Nanfang Hospital, Southern Medical University

Status

Not yet enrolling

Conditions

Diabetes Mellitus

Study type

Observational

Funder types

Other

Identifiers

NCT06651983
NFEC-2024-468

Details and patient eligibility

About

This study is a cross-sectional study of patients with diabetes. The main purpose of this study is to explore the relationship between inflammatory indicators, but not limited to inflammatory indicators, and diabetes complications, in order to find early predictors and screen out high-risk groups.

Full description

Diabetes is one of the most important public health challenges of the 21st century, placing a heavy burden on societies and economies. The World Health Organization estimates that more than 10% of the world's population has diabetes or is at high risk of developing it.
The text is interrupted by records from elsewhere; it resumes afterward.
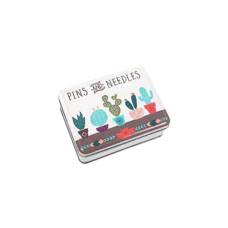 This quirky looking tin is made with a design of a white and brown background, with five various types of cacti painted onto it, giving it a quirky and rustic effect, the words read at the top: "Pin's and Needles' .
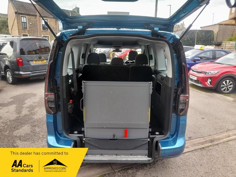 THIS IS THE NEW SHAPE CADDY MAXI LIFE 2.0 TDI ( VW ENGINE NOT 1.5 FORD UNIT ) WITH FULLY ADAPTED REAR WHEELCHAIR CONVERTED CAR, WITH FOLD OUT REAR LIGHT WEIGHT RAMP WITH LOWERED FLOOR AND WINCH WITH FLOOR MOUNTED SECURE FIXING POINTS, DATE 1ST REG JUNE 2024 AND COMES WITH BALANCE OF VW MANUFACTURER WARRANTY, MASSIVE SAVING FROM PRICE WITH ONLY 7, 983 MILES. ONE OWNER FROM NEW IN METALLIC BLUE WITH CONTRASTING GREY INTERIOR TRIM, APPLE CAR PLAY, REAR PARKING CAMERA. TOP OF THE RANGE MODEL WITH ROOF BARS AND ALLOY WHEELS. 5 SEAT CAR WITH 2 FRONT AND 3 REAR SEATS. THIS CAR COMES WITH A NONE DATING PRIVATE NUMBER. NEW. CAR WILL COME FULLY SUPPORTED WITH 12 MONTHS AA BREAKDOWN RECOVERY PACKAGE ...........ALL PART EXCHANGE WELCOME AND FINANCE CAN BE ARRANGED............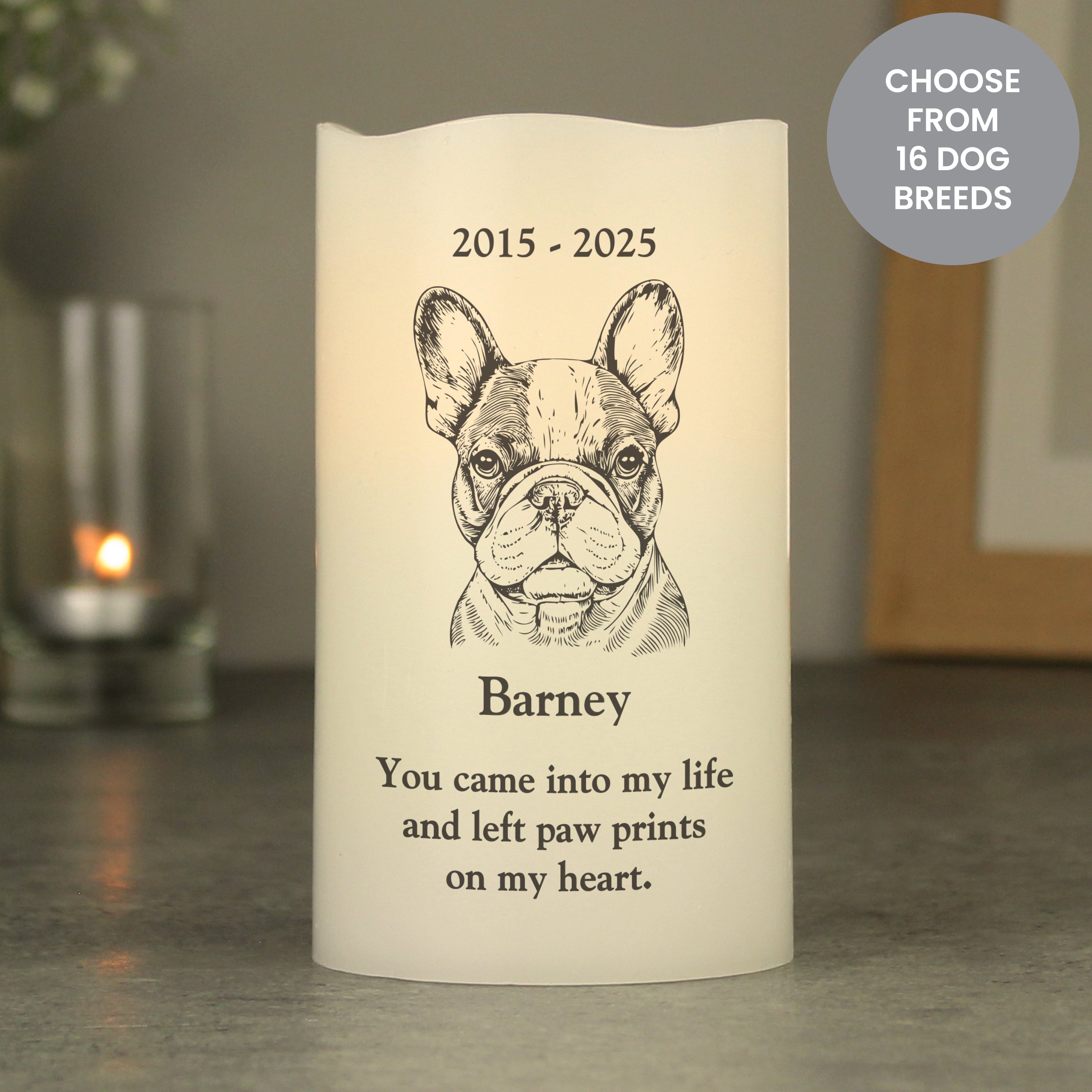 Honour the cherished memory of your beloved canine companion with our Personalised Dog Breed Memorial LED Candle.

With the change of lifestyle, the number of people with diabetes is increasing, the types of complications are more and more complicated, and the time of complications is more and more earlier. Studies have found that the mechanism of diabetes has far exceeded the traditional mechanisms such as insulin resistance and glucose intolerance in the past, and the role of chronic low-grade inflammation in the whole course of diabetes should not be underestimated. At present, more and more researchers have explored the relationship between inflammation and certain clinical outcomes, such as diabetes, diabetes-related complications, hyperlipidemia, myocardial infarction, stroke, aneurysm, bladder cancer, etc.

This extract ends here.